Start of the new Millenium:
- The situation improved in the new millennium when an average annual loss to poaching came down to single digit by 2006.
- The park reported a healthy population of 1,855 rhinos in 2006.
- However, a curious pattern of increased poaching immediately after the results to the State (2006 and 2011) and Central elections (2009 and 2014), points to possible political patronage to poachers in exchange for political work.
- As a result, poaching increased after 2006.
- Poaching made a comeback after 2006, and between 2009 and 2015, at least 170 rhinos were poached.
- However, the conservation efforts also showed results, with Kaziranga reporting the biggest jump in rhino numbers.
- From 1,855 in 2006, the population swelled to 2,401 in 2015.
Grip on poaching since 2016:
- The part reported only 27 cases since 2016, and only nine since 2017.
Reasons for fall in poaching
Insiders attribute the recent drop in poaching to two factors:
- Check on informers who have gone rogue:
- The civil administration uses informers to control poaching.
- However, they apparently turned hostile, and in connivance with their controllers, they were shielding poachers in return for big protection money.
- They have now been reined in by the anti-poaching enforcers.
- Breaking of political patronage to the poachers:
- Earlier, the political leaders offered political patronage to monetise Kaziranga’s rhinos in exchange for various electoral services.
- The present government is said to have broken this patronage, and the efforts are showing results.
Putting a complete stop to poaching is not easy:
Kaziranga and its rhinos still remain very much in the grip of both commercial and political interests. The poaching won’t be easy to end due to following reasons:
- Easy to poach:
- Rhinos are said to be far easier to poach than animals like tigers and elephants, and far more valuable.
- Highly valuable:
- A carton of horns fetches as much as a carload of tiger derivatives or elephant tusks.
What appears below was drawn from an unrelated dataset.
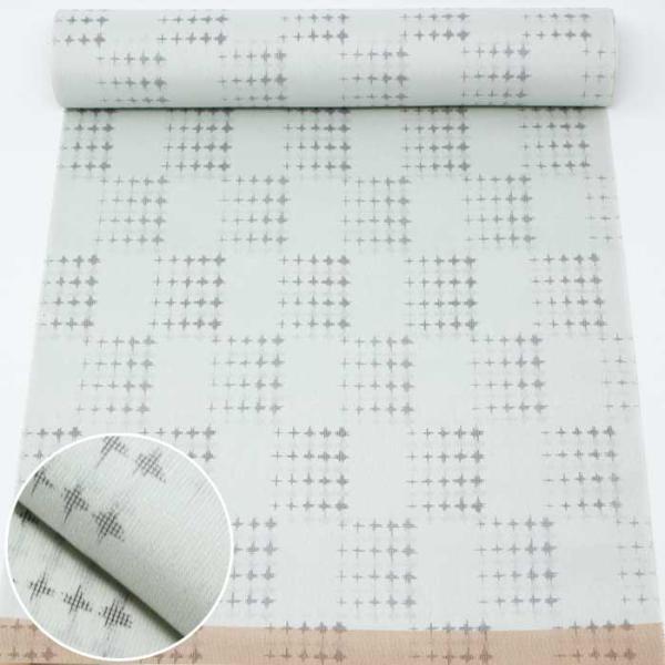 セール 東レシルック 反物 紗 紬 灰 白 十字絣 市松 夏物 薄物 夏 小紋 東レ シルック 洗える着物 きもの 送料無料 ZR

- Naturally, poaching syndicates will not give up easily.
- Ever-changing smuggling routes:
- The operators have switched route to ferrying consignments from the Dimapur-Kohima-Imphal to another route through Arunachal Pradesh along the northern boundary of Assam and then down to Nagaland.
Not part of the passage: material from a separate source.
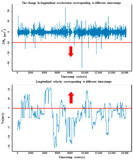 The IMU data (IMU Data is the data collected by IMU sensors) in the KITTI dataset records the vehicle’s motion information at each timestamp, including dimensions, longitude, altitude, roll angle, pitch angle, yaw angle, longitudinal velocity, lateral velocity, x-axis acceleration, y-axis acceleration, and z-axis acceleration. According to the query results, the collection frequency of the KITTI dataset is 10 Hz, that is, the interval between every two timestamps is 0.1 s, from which the acceleration gradient corresponding to each timestamp can be calculated.

- Some are also active on a third route through Silchar.
- A few have recently shifted focus to North Bengal as well.
- Involvement of insurgent groups:
- Local insurgent groups have found it easy to use Rhino horns to strike cashless arms deals with operators in Myanmar.
- The United Liberation Front of Asom (ULFA) is said to have wiped out the rhino population in Burachapori forests, while the National Democratic Front of Bodoland (NDFB) is said to have emptied the Manas National Park.
- More recently, a number of former militants, along with members of the Karbi People’s Liberation Tigers and Kuki People’s Army targeted Kaziranga’s rhinos.
- Local Islamist groups such as the Muslim United Liberation Tigers of Assam have also started targeting the Rhinos.
- Involvement of Bangladeshi groups:
- Harkat-Ul-Jihad-al-Islami and Jamaat-ul-Mujahideen Bangladesh have also jumped in.
- Local population unhappy with killing of poachers:
- Local population around Kaziranga consists of mostly tribals and Muslims, which is also home to many poachers.
- Violent eviction drives against encroachers are also common.
- Since the late 1960s, hundreds of alleged poachers have been gunned down.
- In 2010, Assam extended legal protection against prosecution to staff who kill poachers, after which number of poachers killed increased manifold.
- There are allegations that many killings of poachers are in fact staged murders.
- The killing spree did not have the desired effect as poaching scaled an all-time high by 2013-14.
- Alienation of the minorities:
- The anti-migrant rhetoric against alleged Bangladeshis is alleged to have displeased the minorities.
- There are also allegations that of selective compensation to only the Hindus among the evicted.
- These are said to have alienated the minority population in villages around the park.
- Winning over hostile locals would be helpful:
- While the park management has every reason to guard against the hostile neighbours, their hostility is a huge liability in anti-poaching efforts.
- Winning their support over time can be the best insurance against poaching.